The increase in carrier density is detrimental to device performance. When too many carriers crowd the active region, they scatter off of one other, leading to a process called Auger-Meitner recombination. In this non-radiative process, the excess energy from an electron-hole recombination event leads to excitation of a nearby electron or hole, rather than radiative recombination. Since Auger-Meitner recombination involves three carriers, it scales cubically with carrier density. That’s more dramatic than radiative recombination, which scales quadratically, as it involves only two carriers (see Figure 3).

Due to this variation in scaling behaviours with carrier density, the non-radiative Auger-Meitner process overtakes radiative recombination to become the dominant process when the current is cranked up. Confirming this conjecture are the experimental measurements of carrier lifetime by our collaborators at the University of New Mexico, who concluded that this effect is the primary cause of efficiency decline from blue to green in state-of-the-art quantum wells.

According to our calculations, this issue is even more prevalent in red LEDs. In these nitride-based devices, the carrier density is orders of magnitude higher than it is in blue emitters. Due to this, it is crucial to cut the carrier density in long-wavelength InGaN LEDs, if they are to be efficient.

Refocusing on carrier density
Another significant challenge associated with longer-wavelength nitride-based LEDs is a blueshift with increasing current. To fathom the origins of this issue, one must understand that polarisation fields decrease the bandgap of quantum wells by causing a finite voltage to drop across its width.

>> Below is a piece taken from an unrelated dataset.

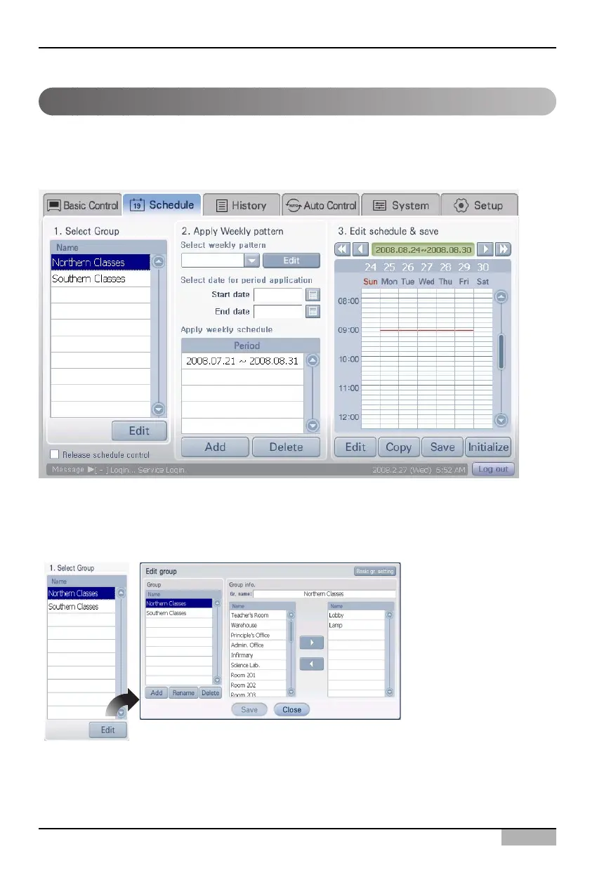 schedule main screen, you can check the schedule applied to the specific schedule group. Also by
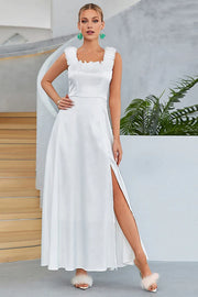 White A-Line Square Neck Long Prom Dress Simple gentle atmospheric and unique desig

The introduction of free carriers into the quantum wells decreases the voltage drop through the electrostatic screening of the fields. This has conventionally been the explanation for InGaN’s blueshift problem.

While intuitive, the established explanation is not complete. At high carrier densities, there’s a need to also account for band filling, which reflects the recombination of higher-energy electrons and holes deep within the conduction and valence bands. In addition, it’s important to include the spatial reorganisation of free carriers due to many-electron correlations – this leads to a compensating redshift in the emission energy, known as plasma renormalisation. By integrating all these effects, our quantum-mechanical calculations accurately predict the wavelength shift of green LEDs grown at Lumileds (see Figure 4 (a) and (b)).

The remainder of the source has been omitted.